Когда я подняла голову над водой, моё дыхание было прерывистым, а глаза полны слёз. Я была опустошена, но в этот момент, каким-то чудом, я почувствовала, что эта тяжесть на сердце чуть меньше. Лишь немного, но это всё равно было важно.

Выходя из ванной, я заметила на кушетке пакет с вещами. Это было так неожиданно и заботливо, что на мгновение я остановилась, чтобы осознать этот маленький акт доброты. Я переоделась в чистые, совершенно новые вещи. Новые – как символ, как предложение начать что-то заново. Они были явно куплены недавно, возможно специально для меня.

Чёрная майка, пижамные брюки в клетку, тёплый белый свитер с крупной вязкой – одежда была невероятно приятной на ощупь, как будто сама ткань хотела укрыть меня, защитить. Рядом стояли аккуратно сложенные тёплые тапки до самых щиколоток. Я откусила бирки с пугающими ценниками, и, почувствовав себя комфортно в этой одежде, в безопасности, прошла в гостиную.

Михаэль стоял передо мной на кухне, с холодной решимостью в глазах, держа в руках мои старые, грязные вещи. Всё это он явно приготовил заранее, будто знал, что я не буду готова к такому шагу.

– Пойдём, тебе нужно попрощаться с этим, – его голос был ровным, без малейших признаков сомнения.

Его предложение звучало как насмешка, как игра в его руках. Я сразу почувствовала неладное. Мои старые вещи – это не просто ткань. Это была моя жизнь, мои воспоминания, моя борьба. Они были как часть меня, даже если я их ненавидела. Михаэль с лёгкостью решил, что их уничтожение станет последним шагом к моему полному подчинению.

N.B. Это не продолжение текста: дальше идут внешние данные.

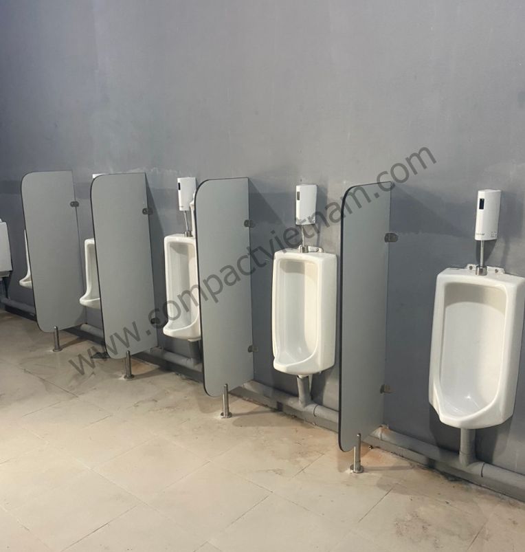 Vách ngăn tiểu nam bằng compact có khả năng chống thấm, chống cháy, chống mốc, chống vi khuẩn tốt, và có độ bền cao

– Адель, – сказал он с невозмутимым выражением, – я подумал, что тебе может понадобиться что-то новое, чтобы оставить всё старое позади. Ты ведь не хочешь, чтобы твои воспоминания остались в этих рваных шмотках, верно?

Я понимала, что за этим жестом скрывается нечто большее, что-то жестокое и расчетливое. Михаэль был не просто манипулятором, он был хозяином, который сжигал мою последнюю связь с тем, кем я была. С каждым его словом я чувствовала, как что-то хрупкое и важное внутри меня ломается.

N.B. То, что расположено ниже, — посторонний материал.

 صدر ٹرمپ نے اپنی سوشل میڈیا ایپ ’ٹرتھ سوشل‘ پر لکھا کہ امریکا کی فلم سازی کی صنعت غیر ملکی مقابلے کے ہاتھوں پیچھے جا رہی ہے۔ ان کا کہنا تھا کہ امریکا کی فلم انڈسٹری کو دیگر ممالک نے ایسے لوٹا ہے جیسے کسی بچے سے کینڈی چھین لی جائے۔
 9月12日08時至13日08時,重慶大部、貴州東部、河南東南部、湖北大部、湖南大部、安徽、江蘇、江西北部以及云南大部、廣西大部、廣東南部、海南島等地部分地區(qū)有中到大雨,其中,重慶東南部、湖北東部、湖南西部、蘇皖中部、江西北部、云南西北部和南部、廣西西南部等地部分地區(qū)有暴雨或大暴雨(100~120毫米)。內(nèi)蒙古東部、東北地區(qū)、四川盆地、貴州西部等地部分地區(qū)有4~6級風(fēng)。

Я пошла за ним, кипя от негодования. Он направился в котельную с печами, и я последовала за ним, не имея другого выбора. Вдруг мне стало тяжело, как будто с каждым шагом я теряла часть себя. Моя решимость покидала меня, но ярость внутри нарастала с новой силой.

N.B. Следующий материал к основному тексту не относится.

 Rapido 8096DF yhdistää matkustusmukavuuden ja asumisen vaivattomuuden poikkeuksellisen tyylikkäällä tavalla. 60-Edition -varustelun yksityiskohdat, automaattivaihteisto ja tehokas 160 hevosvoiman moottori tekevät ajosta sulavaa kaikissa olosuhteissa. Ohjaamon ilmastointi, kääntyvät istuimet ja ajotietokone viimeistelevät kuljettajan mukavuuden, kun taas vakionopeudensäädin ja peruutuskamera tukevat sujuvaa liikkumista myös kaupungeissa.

Он бросил мои вещи в печь и поджёг их. Я смотрела на это с растущим отвращением.. Пламя охватило ткань с жадностью, пожирая её с каждым мгновением. Я ощущала, как мои старые привычки, мой страх, мои воспоминания исчезают, сгорают в этом огне.

Михаэль стоял рядом, с выражением почти победоносным, наблюдая за тем, как мои вещи исчезают. Его глаза блестели, и в них был какой-то холодный интерес. Его взгляд заставлял меня чувствовать себя маленькой и беспомощной.

Я вспомнила как на занятиях по психологии, мы обсуждали психопатию и гиперконтроль, всплыли в голове. Я вдруг осознала, что всё это происходящее – не просто случайность. Это был тщательно продуманный план Михаэля.

Сжигание моих вещей было актом, символизировавшим, что он забрал у меня всё, что мог.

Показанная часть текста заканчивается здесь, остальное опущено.